“Es más fácil imaginar el fin del mundo que el fin del capitalismo.”
— Mark Fisher
Una frase que da escalofríos, pero que resume con precisión quirúrgica el clima mental de nuestra época. Eso que Mark Fisher llamó realismo capitalista: no una ideología explícita, sino una sensación difusa, un estado de ánimo colectivo que nos hace creer que “esto es lo que hay” y que no puede ser de otra manera.
En el mundo cultural y creativo, esto se traduce en una parálisis disfrazada de hiperactividad. Mucha producción, muchas plataformas, muchas métricas… pero poca transformación real. Poca imaginación de lo que podría ser.
¿Qué es exactamente el realismo capitalista?
Fisher lo definía como “la creencia generalizada de que no hay alternativa al capitalismo”. No se trata de que nos encante el sistema. De hecho, muchas veces lo criticamos. Pero lo hacemos desde dentro, con resignación, como si lo máximo a lo que pudiéramos aspirar fuera a parchearlo.
“El realismo capitalista no es tanto una afirmación explícita, sino el ambiente en el que vivimos.”
Es un marco mental que coloniza hasta nuestra capacidad de soñar. Nos hace pensar que toda innovación debe ser rentable. Que todo lo experimental debe ser vendible. Que si algo no tiene “modelo de negocio”, no merece existir.
Y eso, para el arte, la cultura y la creatividad, es veneno.
El sector creativo en modo supervivencia
En el ecosistema cultural, el realismo capitalista se cuela por todas partes:
- Festivales que repiten carteles “seguros” para no arriesgar el presupuesto.
- Proyectos artísticos que se autocensuran para entrar en convocatorias.
- Creativos que se reinventan como “creadores de contenido” para sobrevivir al algoritmo.
- Espacios independientes que mutan en coworkings con cafetería para pagar el alquiler.
Todo esto no es por falta de talento, sino por falta de oxígeno.

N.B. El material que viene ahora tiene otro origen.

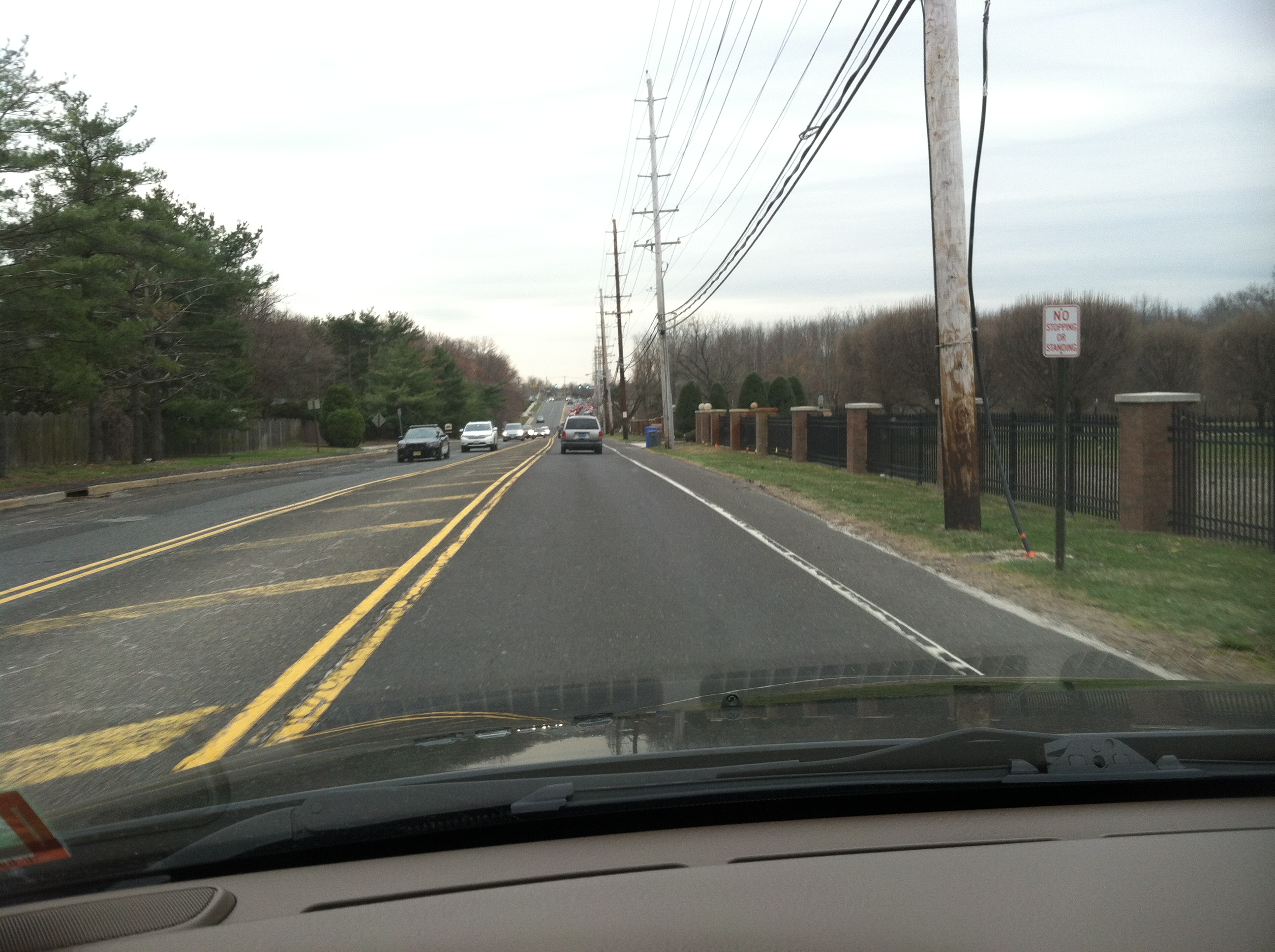 The way that WordPress formatted the photo (shot out of the front windshield of a car) does appear to make the road seem somewhat less busy than it usually is, but if you click through to the complete, original photo, it is a very good representation of Springdale road at that point along its route – about on par with the Google Maps street view photos of the same segment. It shows a road with two main traffic lanes (one in each direction) a wide asphalt shoulder to the right, with a wide grassy area beyond that. In the other direction, there is a main traffic lane and a right turn lane adjacent to a sidewalk – no shoulder, and only a 6-inch concrete curb separating the turning lane from the sidewalk.
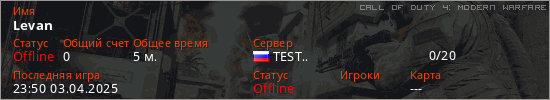 Играет на Call of Duty 4: Modern Warfare сервере. Страна: РоссияПервый раз замечен 23:46 03.04.2025
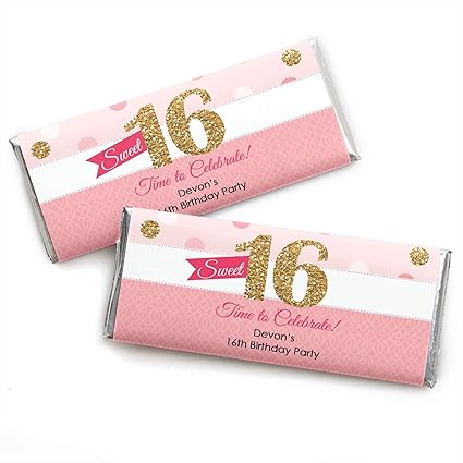 Sweet 16 Party Favor Candy Wrappers 54ct Pink And Gold 16th

Porque el sistema no deja espacio para lo que no se puede medir, monetizar o escalar.
“El capitalismo trata la creatividad como un recurso, pero niega las condiciones para que florezca de verdad.”
Entonces, ¿qué hacemos?
Aquí es donde Fisher no da recetas mágicas, pero sí pistas potentes. Él no era un tecnófobo ni un nostálgico. Era un agitador de mentes. Y su mensaje, en el fondo, era un llamado a recuperar lo que él llamaba la capacidad de imaginar lo que aún no existe.
“La tarea es liberar lo que ya está latente, no inventar desde cero.”
Eso implica mirar a lo colectivo, a la memoria, a la ciencia ficción, al inconformismo, a las ideas raras, a lo que no cabe en un Excel.
Propuestas para escapar del bucle
- Hacer espacio al error: sin prototipos, sin pruebas, no hay avance real.
- Pensar desde lo común: crear redes, alianzas, economías compartidas.
- Crear sin pedir permiso: no todo tiene que pasar por la industria.
- Reencantar lo digital: usar la tecnología para abrir mundos, no solo para captar datos.
- Recuperar el tiempo lento: la creatividad no es instantánea.
Un futuro más raro, más libre, más nuestro
Fisher murió en 2017, pero su obra resuena con más fuerza que nunca. No solo como crítica, sino como brújula. Nos recuerda que la cultura tiene un papel radical: no solo entretener, sino ampliar el campo de lo posible.
En Smartib creemos que el arte, la tecnología y las comunidades pueden romper el hechizo del realismo capitalista. No con utopías vacías, sino con imaginación aplicada, con estructuras nuevas, con preguntas incómodas y con espacios donde lo raro no se ahogue.
El futuro no está escrito. Y si lo está, lo podemos reescribir.